There are some indications (such as at Arslantepe) of the overlapping in time of the Kura-Araxes and Uruk cultures; such contacts may go back even to the Middle Uruk period.

Some scholars have suggested that the earliest manifestation of the Kura-Araxes phenomenon should be dated at least to the last quarter of the 5th millennium BC. This is based on the recent data from Ovçular Tepesi, a Late Chalcolithic settlement located in Nakhchivan by the Arpaçay river.

Expansion 

Rather quickly, elements of Kura–Araxes culture started to proceed westward to the Erzurum plain, southwest to Cilicia, and to the southeast into the area of Lake Van, and below the Urmia basin in Iran, such as to Godin Tepe.  Finally, it proceeded into the present-day Syria (Amuq valley), and as far as Palestine.

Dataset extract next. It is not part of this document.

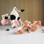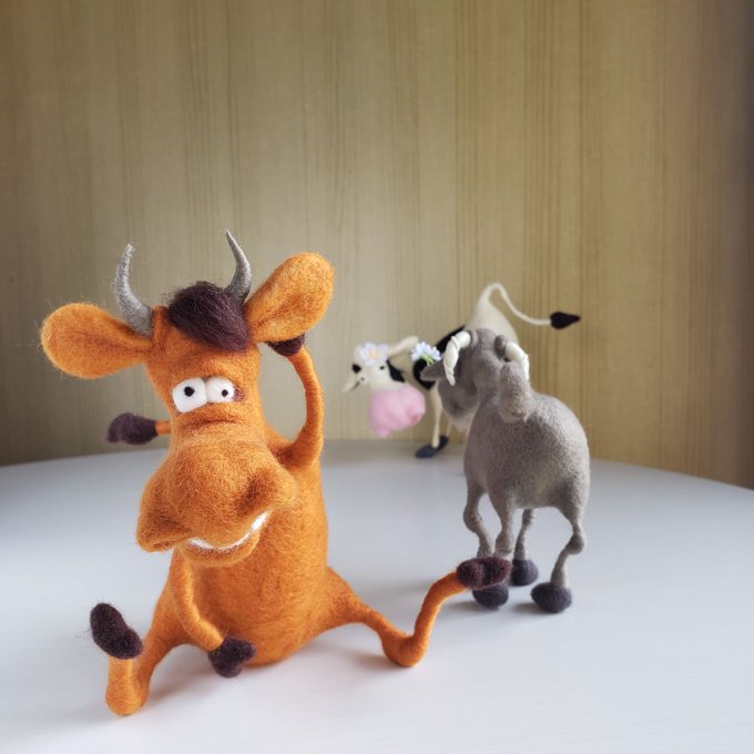 セクシーな牛ちゃん 「私の可愛い尻尾で扇いであげるわ」 巻き角の山羊さん 「おぉ……お嬢さんありがとうなぁ」 セクシーな牛ちゃんはminneで販売中です。 #羊毛フェルト #牛 #minneで販売中

Its territory corresponds to large parts of modern Armenia, Azerbaijan, Chechnya, Dagestan, Georgia, Ingushetia, North Ossetia, and parts of Iran and Turkey.

At Sos Hoyuk, in Erzurum Province, Turkey, early forms of Kura-Araxes pottery were found in association with local ceramics as early as 3500-3300 BC. During the Early Bronze Age in 3000-2200 BC, this settlement was part of the Kura-Araxes phenomenon.

At Arslantepe, Turkey, around 3000 BCE, there was widespread burning and destruction, after which Kura-Araxes pottery appeared in the area.

According to Geoffrey Summers, the movement of Kura-Araxes peoples into Iran and the Van region, which he interprets as quite sudden, started shortly before 3000 BC, and may have been prompted by the 'Late Uruk Collapse' (end of the Uruk period), taking place at the end of Uruk IV phase c. 3100 BC.

Cultural connections 
Kura–Araxes culture is closely linked to the approximately contemporaneous Maykop culture of the North Caucasus. The two cultures seem to have influenced one another.

Economy
The economy was based on farming and livestock-raising (especially of cattle and sheep). They grew grain and orchard crops, and are known to have used implements to make flour. They raised cattle, sheep, goats, dogs, and in later phases, horses.

Before the Kura-Araxes period, horse bones were not found in Transcaucasia. Later, beginning about 3300 BCE, they became widespread, with signs of domestication.

There is evidence of trade with Mesopotamia as well as Asia Minor. It is, however, considered above all to be indigenous to the Caucasus, and its major variants characterized (according to Caucasus historian Amjad Jaimoukha) later major cultures in the region.

Settlements 
Archaeological evidence of inhabitants of the Kura–Araxes culture showed that ancient settlements were found along the Hrazdan river, as shown by drawings at a mountainous area in a cave nearby. Structures in settlements have not revealed much differentiation, nor was there much difference in size or character between settlements, facts that suggest they probably had a poorly developed social hierarchy for a significant stretch of their history. Some, but not all, settlements were surrounded by stone walls. They built mud-brick houses, originally round, but later developing into subrectangular designs with structures of just one or two rooms, multiple rooms centered around an open space, or rectilinear designs.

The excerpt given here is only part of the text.